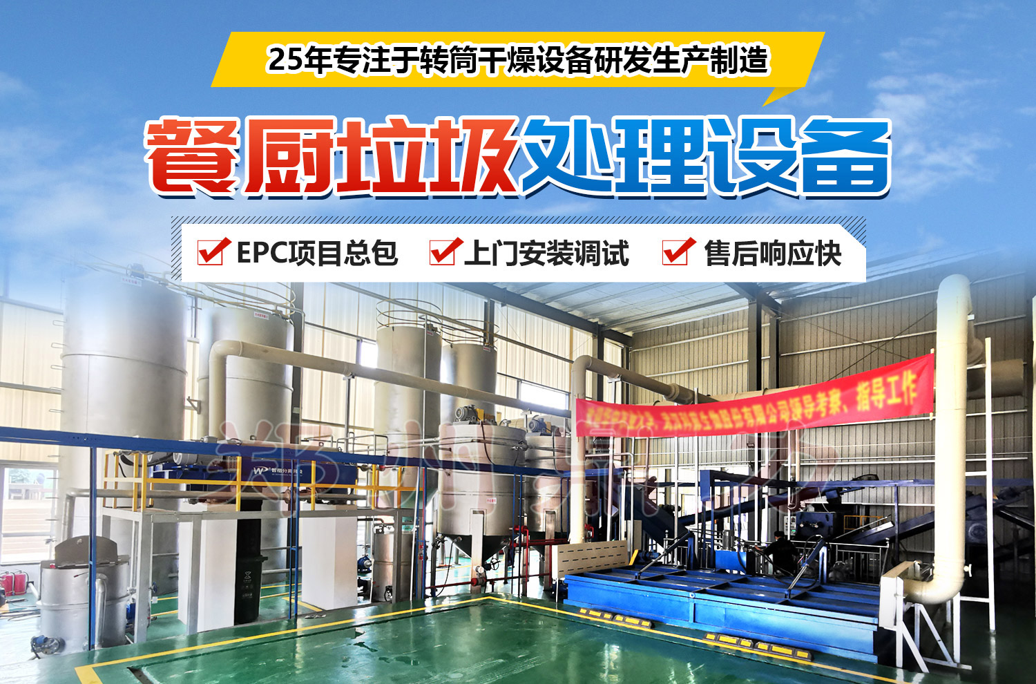 (六)餐廚垃圾干化系統(tǒng): 餐廚垃圾在高溫干燥的過(guò)程中滅活物料中的有害微生物,不需要單獨(dú)設(shè)立滅菌工藝,簡(jiǎn)化了物料處理的過(guò)程,節(jié)省了單獨(dú)滅菌所需的能量,干燥滅菌后將物料烘干到需求水分。
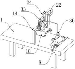 此时启动驱动电机(22),通过驱动电机(22)带动转轴(23)进行转动,进而带动安装架二(24)进行转动,由于连接板(25)设置在安装架二(24)远离转轴(23)的一端,因此当安装架二(24)转动时会带动连接板(25)周期性上下移动,进而带动安装架一(21)和安装板(17)周期性上下移动,进而带动滑块二(16)在滑座(15)内壁周期性上下滑动,进而带动压板一(18)和压板二(20)周期性上下移动;
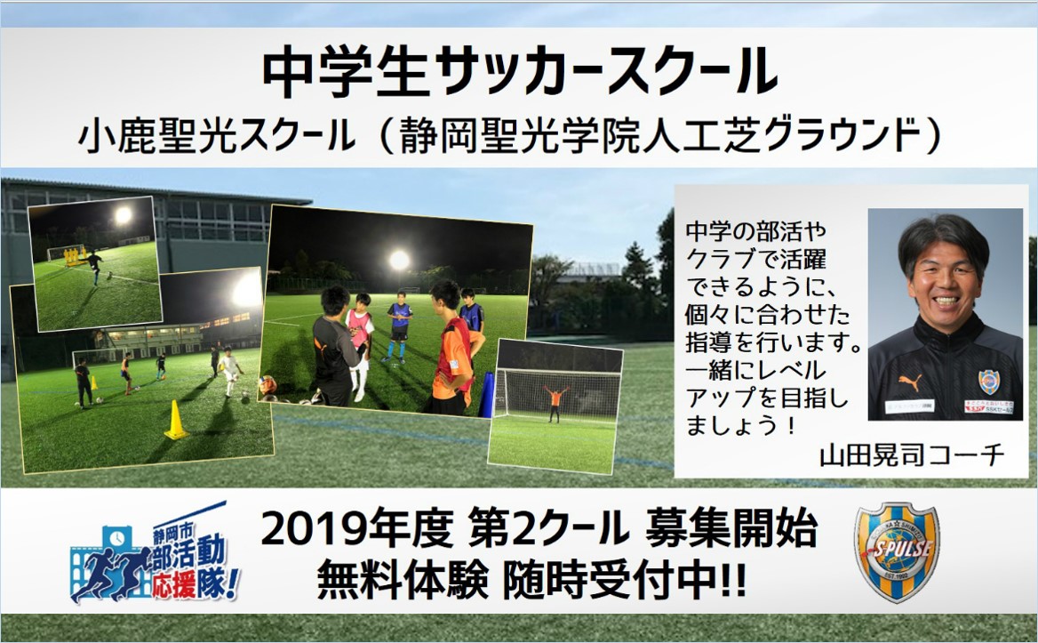 清水エスパルスは、静岡市教育委員会が取り組んでいる「静岡市部活動応援隊宣言」に賛同し、応援企業として新たに中学生を対象としたサッカースクールを2018年10月からスタートいたしました。
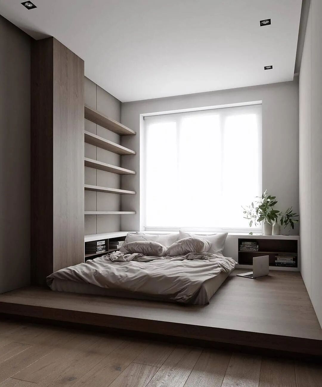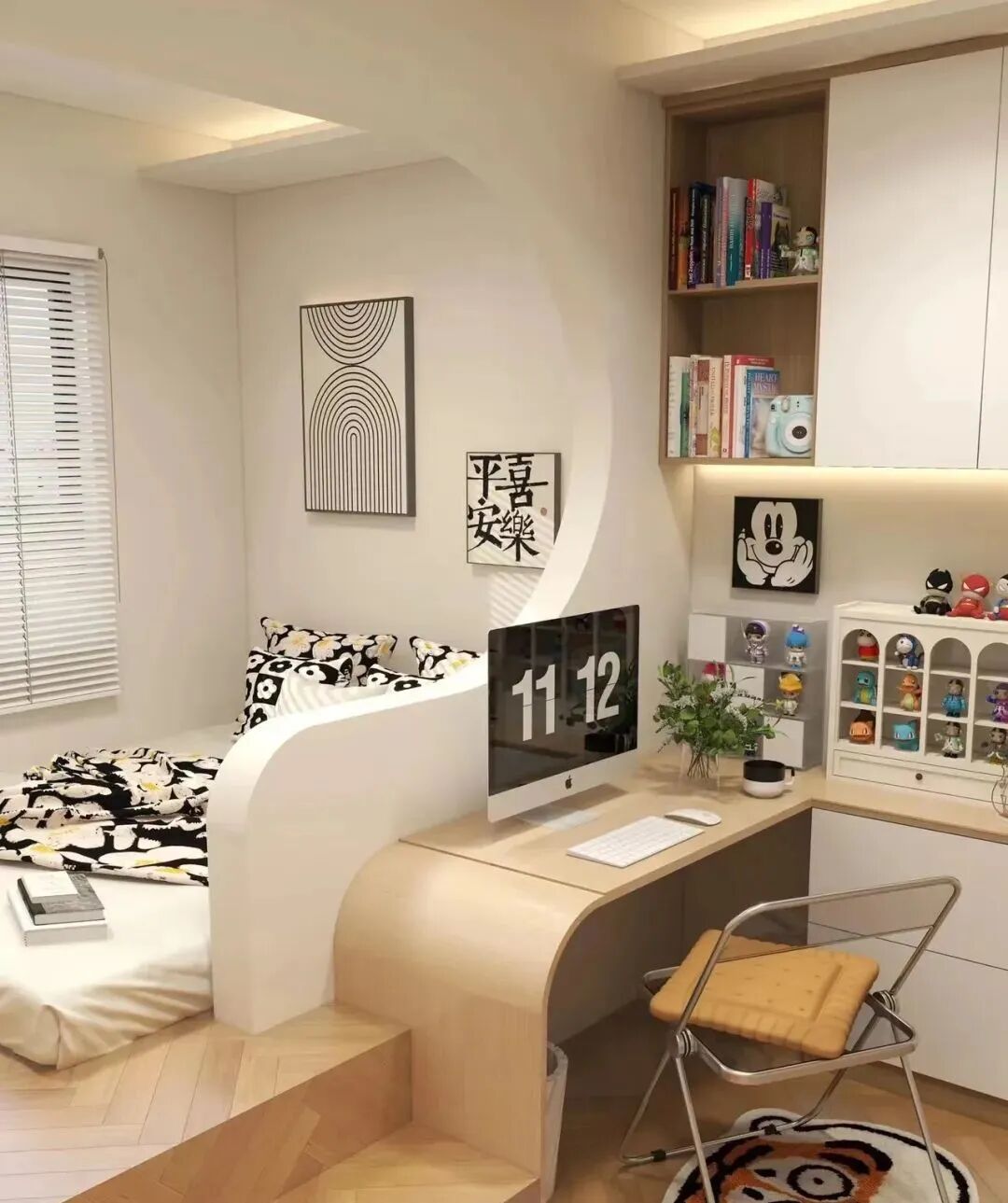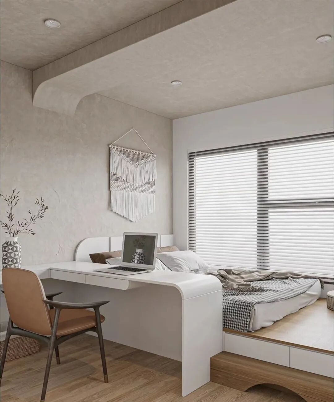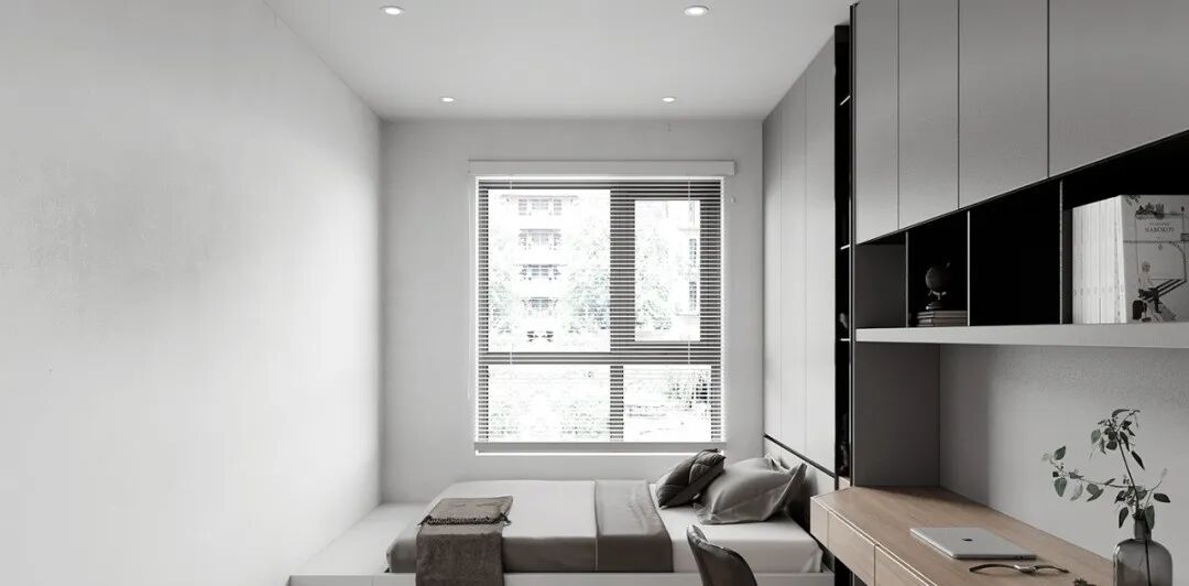 卧室太小,不住人又感觉有些浪费,光住人又觉得几万一平不划算,其实我们考虑台阶式榻榻米床,高度一般在450~600mm左右,底部可以考虑侧面收纳,如果觉得床底收纳不方便,也考虑底部留空,床头或者床尾做一体定制柜,L型书桌最大化的利用空间,无论是办公还是充当衣帽间都是不错的选择。
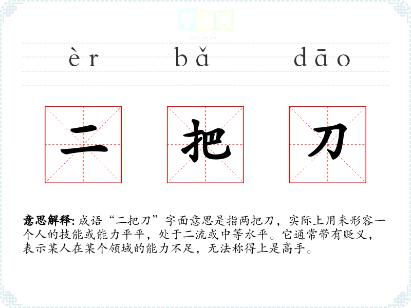 成语“二把刀”字面意思是指两把刀,实际上用来形容一个人的技能或能力平平,处于二流或中等水平。它通常带有贬义,表示某人在某个领域的能力不足,无法称得上是高手。
* * * * *
Give back every record exactly, dropping its pictures.

**Response to this task:**
 (六)餐廚垃圾干化系統(tǒng): 餐廚垃圾在高溫干燥的過(guò)程中滅活物料中的有害微生物,不需要單獨(dú)設(shè)立滅菌工藝,簡(jiǎn)化了物料處理的過(guò)程,節(jié)省了單獨(dú)滅菌所需的能量,干燥滅菌后將物料烘干到需求水分。
 此时启动驱动电机(22),通过驱动电机(22)带动转轴(23)进行转动,进而带动安装架二(24)进行转动,由于连接板(25)设置在安装架二(24)远离转轴(23)的一端,因此当安装架二(24)转动时会带动连接板(25)周期性上下移动,进而带动安装架一(21)和安装板(17)周期性上下移动,进而带动滑块二(16)在滑座(15)内壁周期性上下滑动,进而带动压板一(18)和压板二(20)周期性上下移动;
 清水エスパルスは、静岡市教育委員会が取り組んでいる「静岡市部活動応援隊宣言」に賛同し、応援企業として新たに中学生を対象としたサッカースクールを2018年10月からスタートいたしました。
 卧室太小,不住人又感觉有些浪费,光住人又觉得几万一平不划算,其实我们考虑台阶式榻榻米床,高度一般在450~600mm左右,底部可以考虑侧面收纳,如果觉得床底收纳不方便,也考虑底部留空,床头或者床尾做一体定制柜,L型书桌最大化的利用空间,无论是办公还是充当衣帽间都是不错的选择。
 成语“二把刀”字面意思是指两把刀,实际上用来形容一个人的技能或能力平平,处于二流或中等水平。它通常带有贬义,表示某人在某个领域的能力不足,无法称得上是高手。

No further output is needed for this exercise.